В 1927 году Чэнь Дусю начал переговоры с правительством Ван Цзинвэя в Ухане, убеждая последнего в возможности использования некоторых предложений КПК в политике правительства. 21 марта войска Национально-революционной армии (НРА) в результате Северного похода занимают Лунхуа и подходят к Шанхаю. В Шанхае коммунисты организовывают антимилитаристские и антииностранные митинги и забастовки, которые быстро перерастают в вооружённые столкновения с властями милитариста Сунь Чуаньфана. В результате вооружённого восстания 22 марта Шанхай был освобождён, было создано возглавленное коммунистами временное городское правительство, признавшее власть Уханьского правительства. На следующий день в Шанхай вошли войска НРА под командованием Бай Чунси.

23 марта другая группировка войск НРА во главе с Чан Кайши заняла Нанкин. Во время боёв в городе произошли инциденты, пострадали несколько иностранцев. 24 марта военные корабли Англии и США подвергли массированной бомбардировке занятый НРА Нанкин. В порту сконцентрировались военные корабли и других держав. 11 апреля Англия, США, Япония, Франция и Италия направили в ставку Чан Кайши и Уханьскому правительству совместный ультиматум, требуя наказать виновных в инцидентах, происшедших при занятии Нанкина, принести извинения, уплатить весьма высокую компенсацию и запретить антииностранные действия на подвластных им территориях. Создалась угроза военной интервенции держав.

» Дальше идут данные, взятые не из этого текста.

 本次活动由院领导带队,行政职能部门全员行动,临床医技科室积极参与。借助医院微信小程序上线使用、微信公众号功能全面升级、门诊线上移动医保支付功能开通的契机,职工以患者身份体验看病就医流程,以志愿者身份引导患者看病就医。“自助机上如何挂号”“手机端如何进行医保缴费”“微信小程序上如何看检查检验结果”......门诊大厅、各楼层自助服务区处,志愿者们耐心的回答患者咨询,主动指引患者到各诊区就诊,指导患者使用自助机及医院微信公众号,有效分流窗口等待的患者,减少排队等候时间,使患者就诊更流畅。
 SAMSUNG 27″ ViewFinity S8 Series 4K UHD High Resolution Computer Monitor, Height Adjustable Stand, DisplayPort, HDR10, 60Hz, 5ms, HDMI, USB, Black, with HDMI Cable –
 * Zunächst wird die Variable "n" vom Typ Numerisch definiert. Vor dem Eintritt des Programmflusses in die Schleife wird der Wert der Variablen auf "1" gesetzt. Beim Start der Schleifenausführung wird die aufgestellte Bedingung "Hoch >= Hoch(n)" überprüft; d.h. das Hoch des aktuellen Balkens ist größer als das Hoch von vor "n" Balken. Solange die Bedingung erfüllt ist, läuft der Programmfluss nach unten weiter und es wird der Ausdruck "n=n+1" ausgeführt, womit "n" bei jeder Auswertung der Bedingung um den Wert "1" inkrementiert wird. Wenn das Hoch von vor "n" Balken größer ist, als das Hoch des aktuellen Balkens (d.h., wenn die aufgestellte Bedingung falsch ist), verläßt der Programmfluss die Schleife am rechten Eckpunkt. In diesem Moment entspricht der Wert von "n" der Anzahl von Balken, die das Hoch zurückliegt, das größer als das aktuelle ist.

Демарш держав был воспринят Чан Кайши как сигнал к обузданию коммунистов. 12 апреля 1927 года по приказу Чан Кайши в Шанхае были осуществлены антикоммунистические акции, в результате которых тысячи коммунистов подверглись аресту и были убиты. 18 апреля Чан Кайши создал в Нанкине возглавленное им правительство. Таким образом произошёл разрыв союза КПК и Гоминьдана, начались преследования коммунистов по всей стране. После падения 15 июля 1927 года Уханьского правительства коммунисты были вынуждены окончательно уйти в подполье. В неудачах коммунистов обвинили Чэнь Дусю.

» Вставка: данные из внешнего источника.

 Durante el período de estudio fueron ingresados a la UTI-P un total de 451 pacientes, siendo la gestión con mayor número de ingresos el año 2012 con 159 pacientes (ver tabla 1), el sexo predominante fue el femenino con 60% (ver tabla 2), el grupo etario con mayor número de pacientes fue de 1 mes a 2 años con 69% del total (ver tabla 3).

В этих условиях Коминтерном было принято решение о реорганизации ЦК КПК. В состав ЦК были введены Чжан Готао, Чжан Тайлэй, Ли Вэйхань, Ли Лисань, Чжоу Эньлай. Членство Чэнь Дусю в ЦК было приостановлено. 7 августа 1927 года в Ханькоу состоялась организованная Коминтерном конференция КПК, на которую не был приглашён Чэнь. Чэнь направил письмо участникам конференции с просьбой об отставке с поста генерального секретаря партии. Участники конференции обрушились с критикой на Чэня, обвиняли его в уступках Гоминьдану, нерешительности, неумении принимать решения в опасных ситуациях и после недолгих дебатов отправили Чэня в отставку.

После отставки

Чэнь и его сторонники создали осенью 1929 года партийную фракцию и заявили, что КПК не должна подчиняться Коминтерну, и потребовали прекратить травлю Чэнь Дусю. В конце 1929 года после нескольких предупреждений Чэнь и члены его фракции были исключены из КПК.

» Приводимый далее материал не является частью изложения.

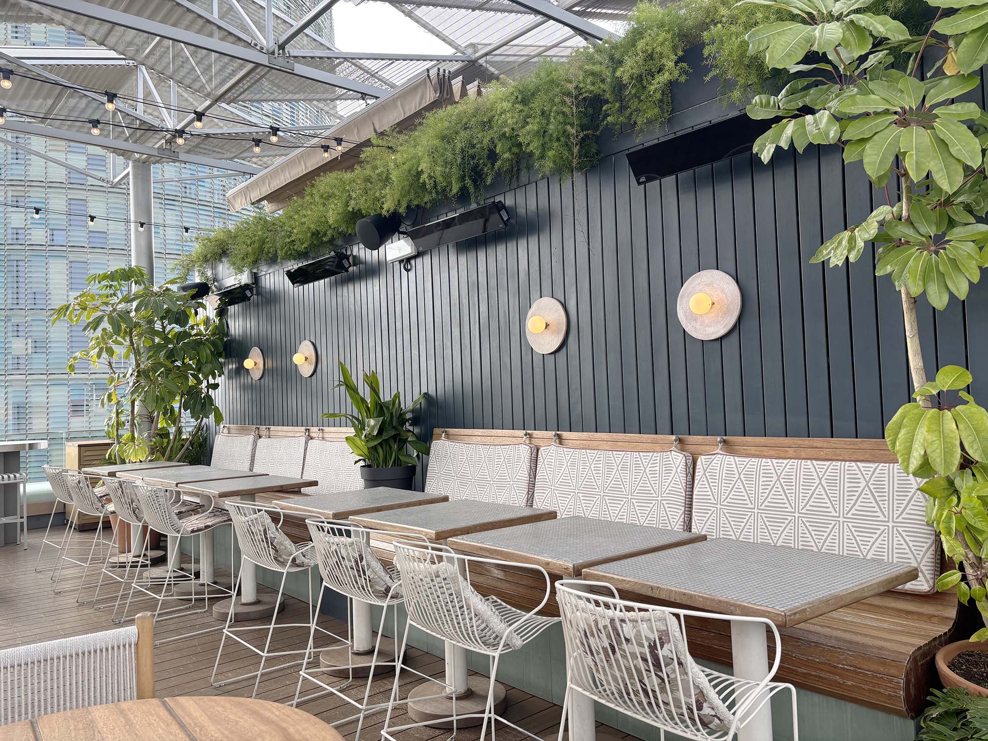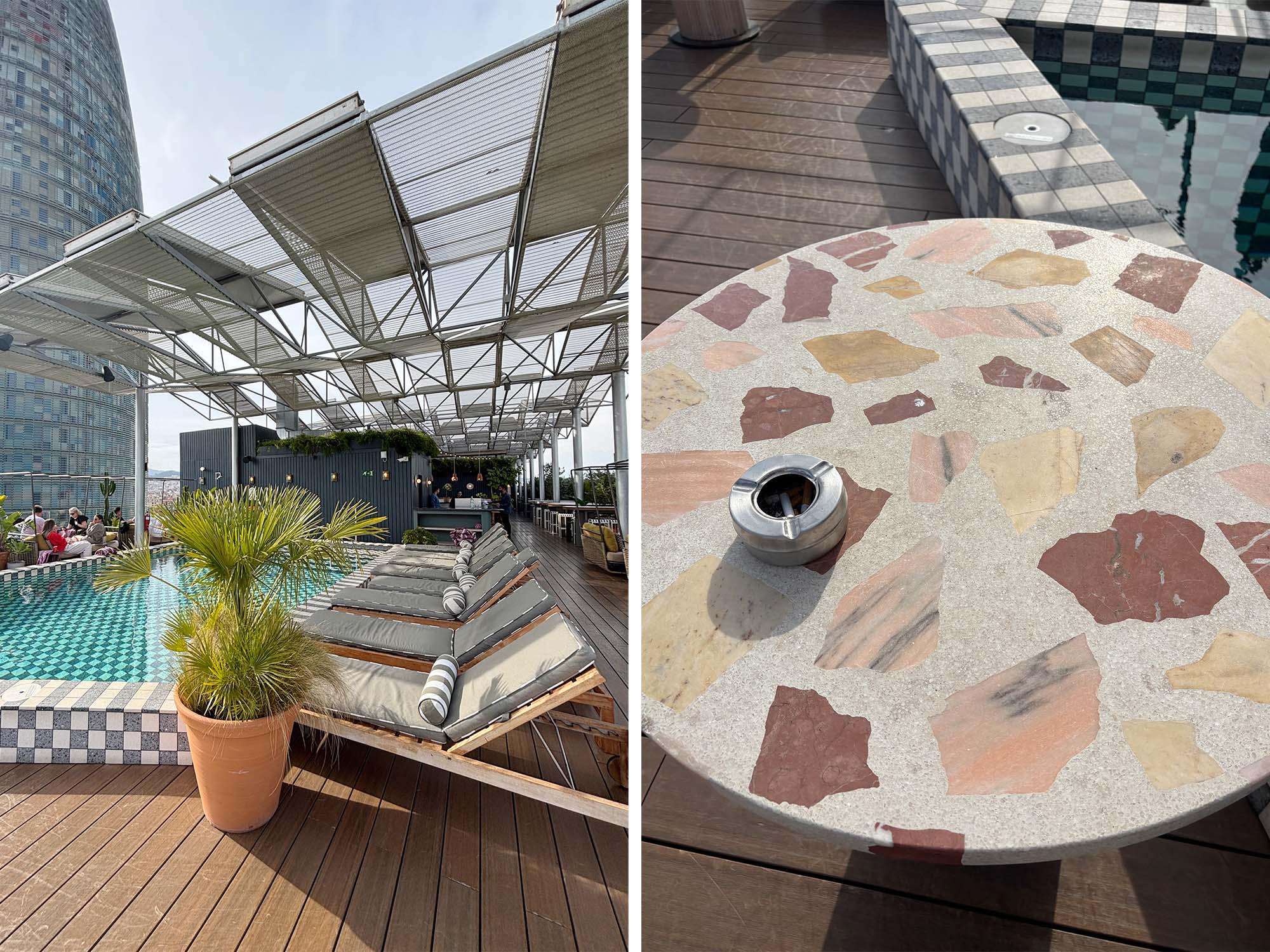 ルーフトップにはプールとバーがあります。アウトドアスペースも家具にこだわりが見られます。プールサイドにはサンラウンジャーやカバナがあり、ゲストは日光浴を楽しんでいました。

В декабре 1929 года Чэнь Дусю направил открытое письмо китайским коммунистам, где указал на принципиальные ошибки, допущенные Коминтерном в отношении Китая, а в начале 1930 года организовал оппозиционную группу коммунистов, примыкавшую к «левой оппозиции» Троцкого. В мае 1931 года различные троцкистские группы Китая провели объединительную конференцию, на которой Чэнь Дусю был избран руководителем единой партии, насчитывавшей 483 члена. Но созданная партия в связи с «пестротой» её членов и арестом Чэня быстро распалась.

Последние годы жизни

В 1932 году Чэнь был арестован правительством националистов и провёл пять лет в тюрьме. Чэнь был одним из немногих ранних лидеров КПК, который пережил потрясения 1930-х годов, но он так и не смог вернуть себе влияние внутри партии, которую основал. В последние годы жизни Чэнь ушёл в безвестность. Позже Чэнь Дусю стал сторонником либертарного социализма и отказался от контактов как с националистами, так и с коммунистами. Все его старые соратники и первые лидеры КПК были либо убиты или впали в немилость нового поколения руководителей КПК во главе с Мао Цзэдуном.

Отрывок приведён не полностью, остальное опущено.